Investors finally seem to be turning bullish on the outlook for equity markets again. According to Bank of America, Merrill Lynch’s asset flows data, the last two weeks have seen the highest levels of inflows into equity funds this year.
Between 8 August and 18, August Bank of America registered $11.6 billion of equity fund inflows signalling a renewed risk-on attitude among investors.
However, investors continue to prefer passive over active investments. The “passion for passive” as Bank of America calls it shows no sign of slowing down.

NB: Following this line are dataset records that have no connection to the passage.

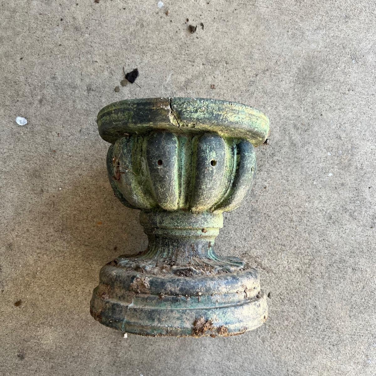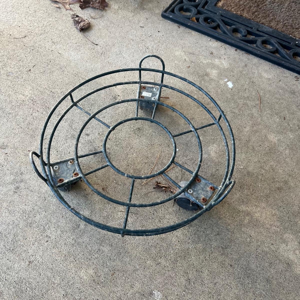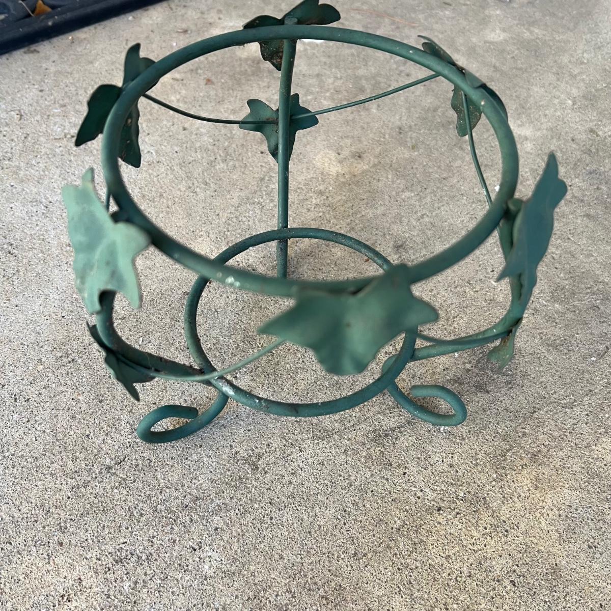 Most items are metal with a green colored finish and includes two sturdy tall plant stands that measure 10”D x 38”H, two small plant stands, a rolling pot stand on plastic casters and lastly, a cement base; this base has a metal rod poking out of its base which could be sawn off or used to anchor it in the dirt and used as a base for a plant pot or bird bath.
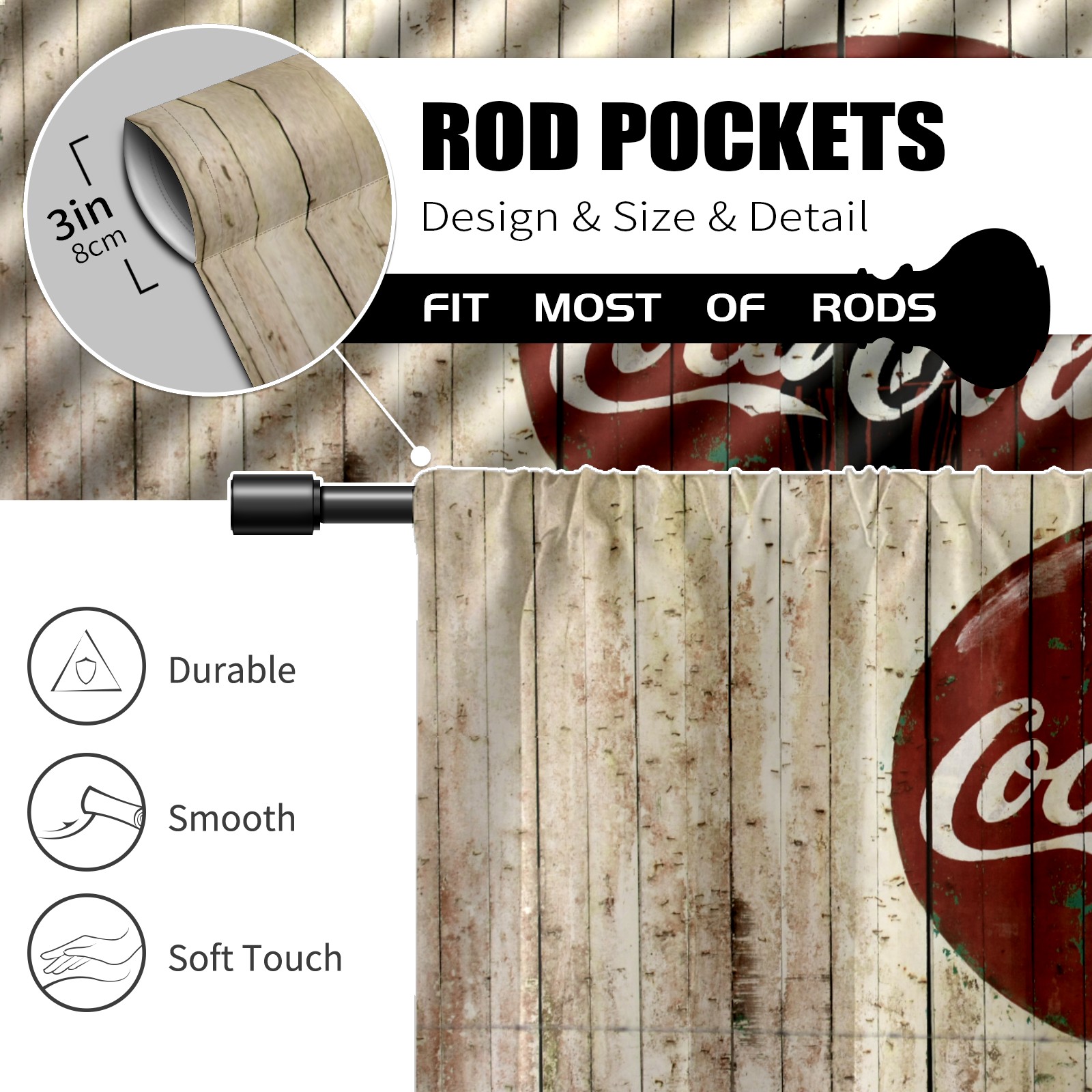 Шторы-панно для дома, декоративные драпировки для гостиной и спальни, легкие и прочные, Coca Cola Vintage Wood
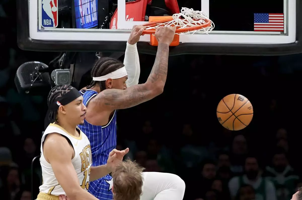 2026年4月12日周日,在波士頓舉行的一場NBA籃球賽上半場,奧蘭多魔術前鋒班捷羅(Paolo Banchero,右上)在波士頓塞爾特人前鋒朗夏柏二世(Ron Harper Jr.,左上)旁邊入樽。(美聯社圖片/Mark Stockwell) AP圖片
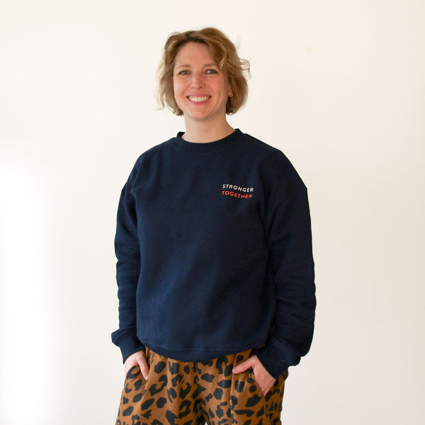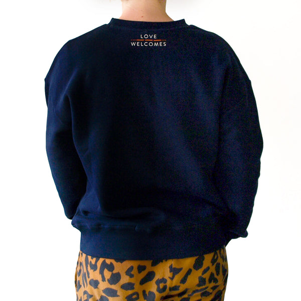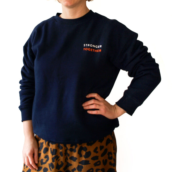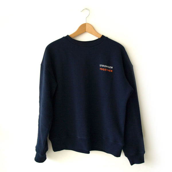 Introducing our high-quality navy brushed cotton sweatshirt. Featuring the phrase "STRONGER TOGETHER" elegantly displayed three inches long on the front left side, this sweatshirt embodies the spirit of unity. On the back, near the neck, you'll find the words "LOVE WELCOMES," also measuring three inches wide. Wear this sweatshirt with pride to showcase your commitment to collective strength and the belief that together, we can create the positive change we envision.
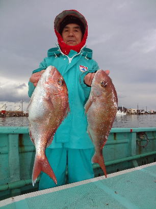 昨年中は格別のご用命を賜り厚く御礼申し上げます。 なにとぞ本年もよろしくご愛顧のほどお願い申し上げます。 ・・・・・・・・・・・・・・・・・・・・・・・・・・・・・・・・・・・・・・・ 謙信丸 1便(8h) マダイ 0.5〜2.7kg 10枚
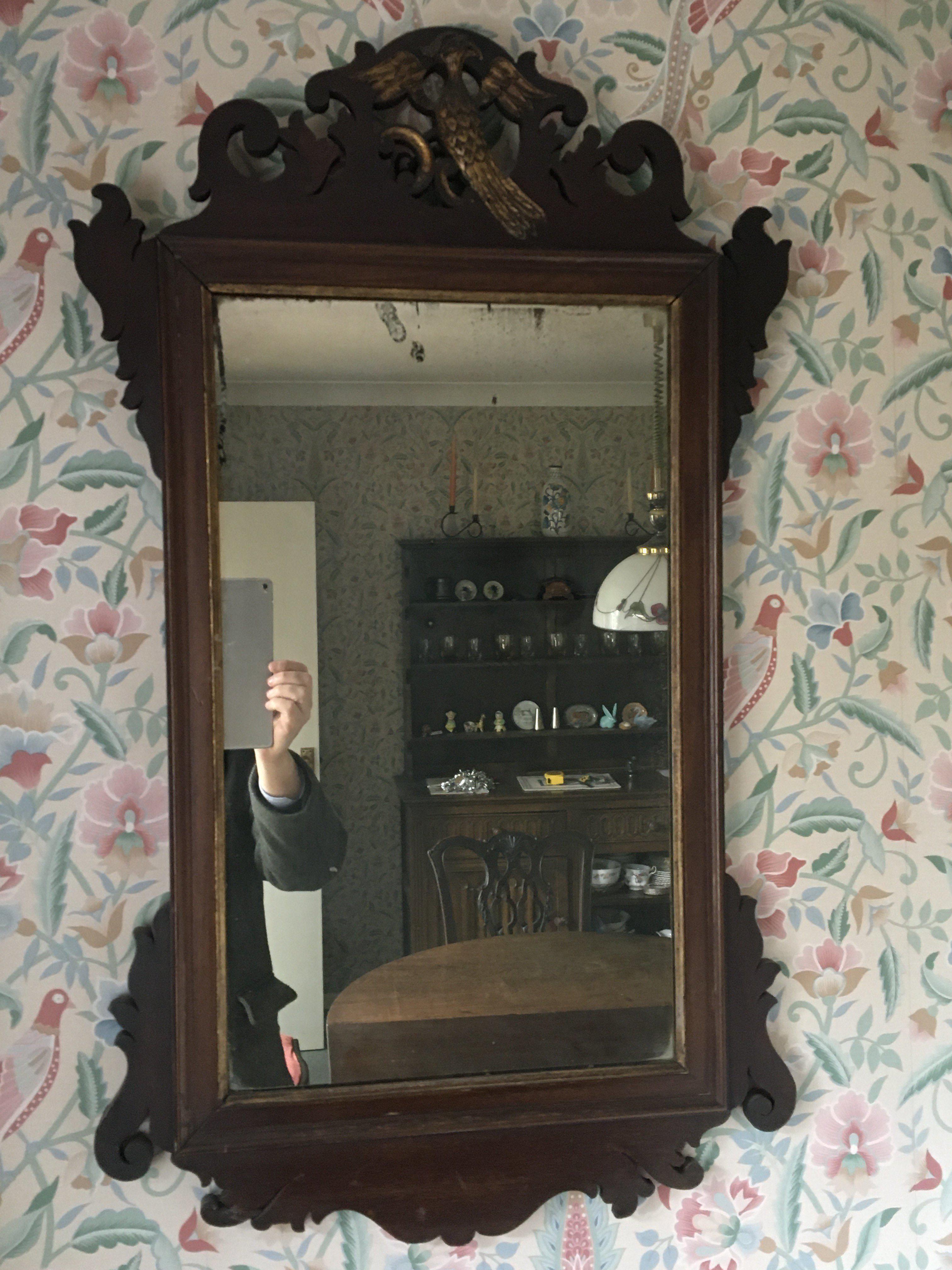 A George III wall mirror with pierced scroll cresting and of rectangular shape. 51x31cm. NO RESERVE
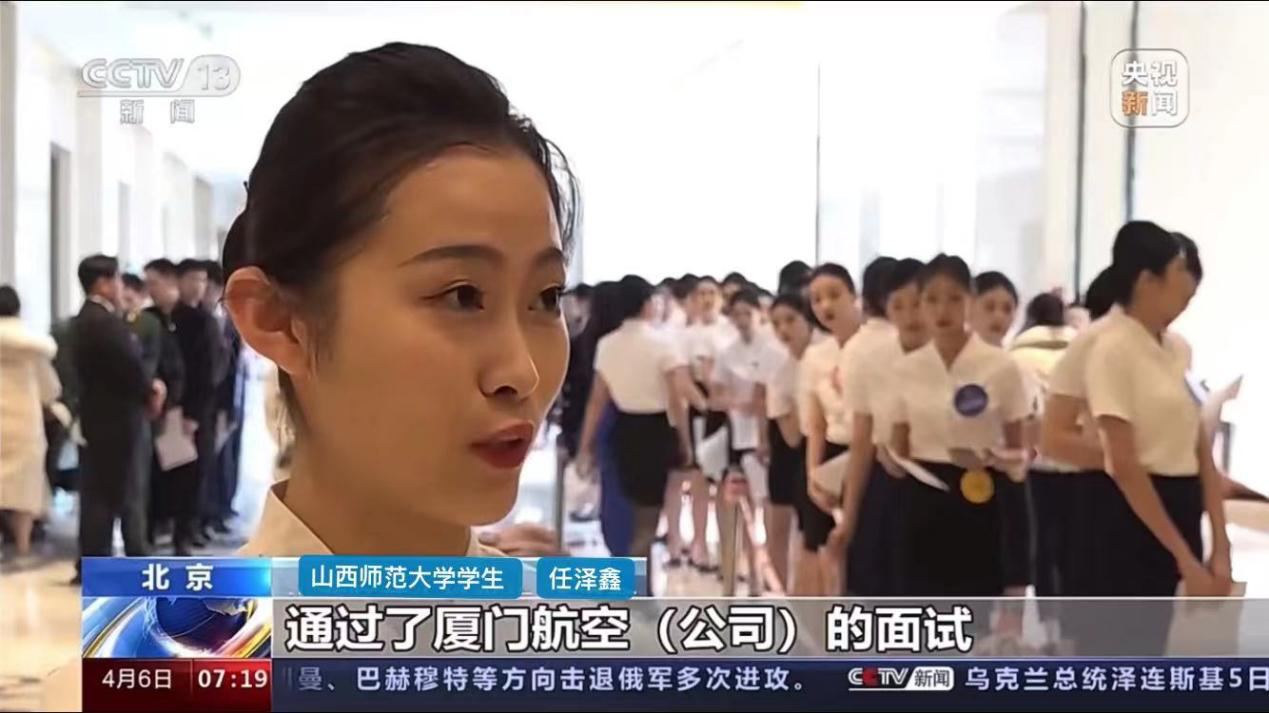 本次春季双选会以“招聘专场 职等你来”为主题,于3月28日—4月1日举行,为期5天,是中国高等教育博览会产教融合系列活动的一部分。此次双选会共有全国百余家用人单位进行现场招聘,涉及航空公司、机场集团、以及多家国有企业、事业单位等。经过严格面试和激烈角逐,我院34名航空专业的学生在这次双选会中面试到心仪的工作岗位。其中高宇旋、苑慧颖、王哲阳、韩霄琳等七名同学被深圳航空录取,李紫苑、赵子琛、韩宁被海南航空录取,闫雨娜、李慧洁、王嘉欣、宋子怡四位同学被川航录取,张文玉、韩镇亚、魏晓晶被招商局录取。在央视播出的“各地采取多种措施促进高校毕业生就业”新闻中,我院航空服务艺术与管理专业20级学生任泽鑫同学接受了央视记者的采访。
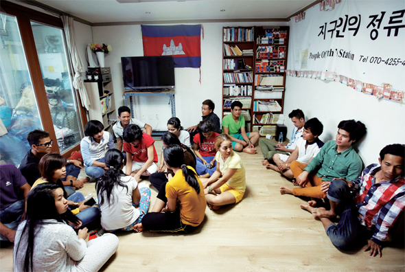 과도한 노동시간과 초저임금에 시달리던 캄보디아 농·축산업 이주노동자들이 경기도 안산 ‘지구인의정류장’에서 짧은 쉼을 얻고 있다. 한겨레21 정용일 기자 yongil@hani.co.kr
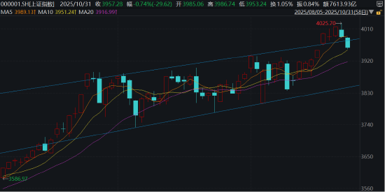 本週,市場先揚後抑,4000點得而復失。週一受貿易爭端趨緩等積極因素影響,滬指跳空高開,略有回落後調頭向上,日線級別突破通道上沿,且留下跳空缺口,漲勢獲得加速動能。週二至週四早盤,受中美首腦會晤等利好影響,市場情緒樂觀,一度上衝至最高4025點,再創近十年新高。但需要注意,恐高情緒的拋盤壓力並不小,整數關口多次易手。週四下午,利好落地導致市場短線回落,今日則在Meta大跌超10%的影響下,滬指繼續下挫,重回上漲寬通道內運行。
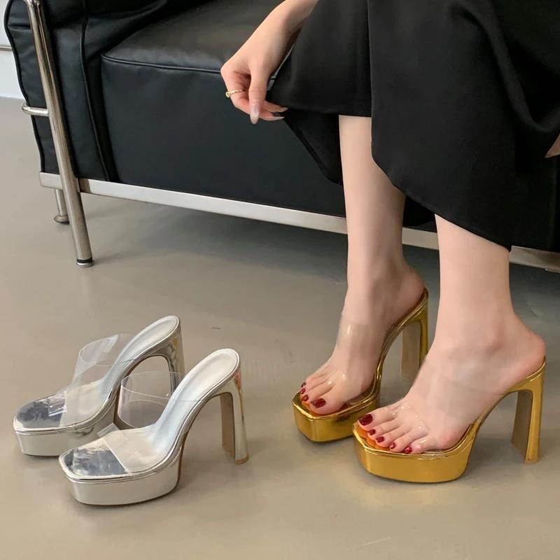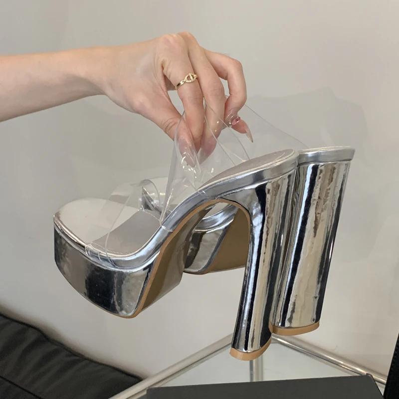 Модные летние женские шлепанцы Eilyken на экстремальной платформе с открытым носком и массивным высоким каблуком, из прозрачного ПВХ, модные слайды, женская обувь
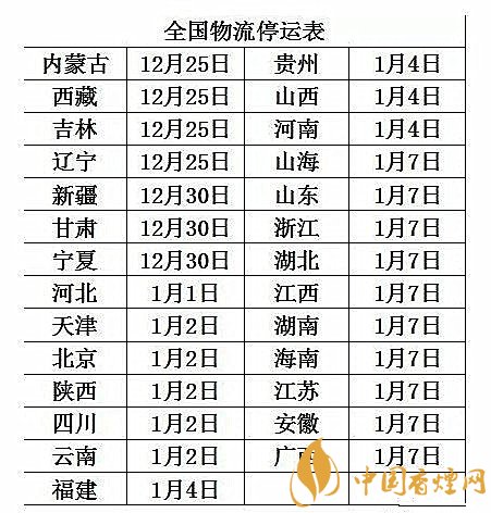 但今年的寒冷天氣侵襲嚴(yán)重,大風(fēng)降溫影響顯著,加之重污染天氣預(yù)警較為頻繁的影響,以及2019年大部分地區(qū)的初雪也都來(lái)得比較早,物流問(wèn)題面臨著嚴(yán)重的考驗(yàn),因此不少地區(qū)的物流公司的假期也提前了,全國(guó)物流停運(yùn)時(shí)間已經(jīng)確定。
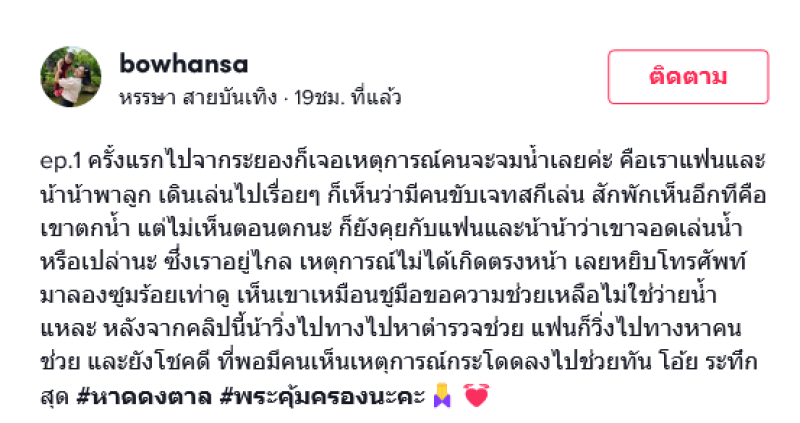 เรียกได้ว่าเป็นอีกหนึ่งเหตุการณ์ระทึกที่ถูกแชร์อย่างมากในโลกออนไลน์ หลังจากที่ผู้ใช้บัญชี TikTok ชื่อ bowhansa ได้โพสต์คลิปชายคนหนึ่งอยู่ในน้ำ โดยเป็นคนขับเจ็ตสกี ที่ไม่ได้ใส่เสื้อชูชีพ จนกระทั่งได้เกิดเหตุตกลงไปในน้ำทะเล ซึ่งในตอนแรกก็คิดว่าเป็นคนที่เล่นน้ำตามปกติ พอลองใช้มือถือถ่ายคลิป ด้วยพลังซูม 100 เท่า ถึงรู้ว่าชายคนดังกล่าวได้พยายามขอความช่วยเหลือ ไม่ใช่คนที่เล่นน้ำตามปกติ

While equity inflows totalled $5.1 billion in the week to August 18, equity ETFs saw inflows of $8.4 billion but investors withdrew a $3.3 billion from long-only mutual funds. Year-to-date investors have withdrawn a staggering $180.2 billion from long-only mutual funds, approximately 3.4% of the total assets under management in the sector.
At the same time, equity ETFs have seen inflows of $52.5 billion year-to-date, which is equivalent to 2.4% of assets under management. Overall, for the year to August 17 net flows for equity ETFs and long only mutual funds total $-127.7 billion, 1.7% of assets under management according to Bank of America’s numbers.
Risk-on or hunt for yield?
Aside from equity passive/active flow trends, the flows that have caught the most attention this year have been those into commodities and emerging market funds.
This week saw the seventh consecutive week of inflows into emerging market equity funds. Flows through the week totalled $5.1 billion, bringing the total of the last seven weeks to $14.6 billion, the most impressive run since September 2014. European equity funds saw yet another week of outflows. Europe equity flows last this week came in at $-2.8 billion the 28th straight week of outflows, the longest outflow streak in history according to Bank of America’s figures.
Commodity funds saw flows of $-0.3 billion this week, which is roughly 0.3% of assets under management. Year-to-date investors have added $32.9 billion to commodities funds, increasing the sector’s assets under management by 26.3%.
On the fixed income front, investors continued to plough money into fixed income funds this week. Emerging market debt funds saw inflows of $2 billion, taking the inflow total over the past seven weeks to $20.2 billion, the largest figure on record. Investment-grade flows amounted to $3.8 billion, high yield Bond fund flows amounted to $1.9 billion and investors deposited $0.9 billion with Muni funds. Money market funds were the biggest fixed income losers reporting outflows of $34.5 billion. Bank of America’s analysts believe these outflows may be a result of the upcoming money market fund regulations.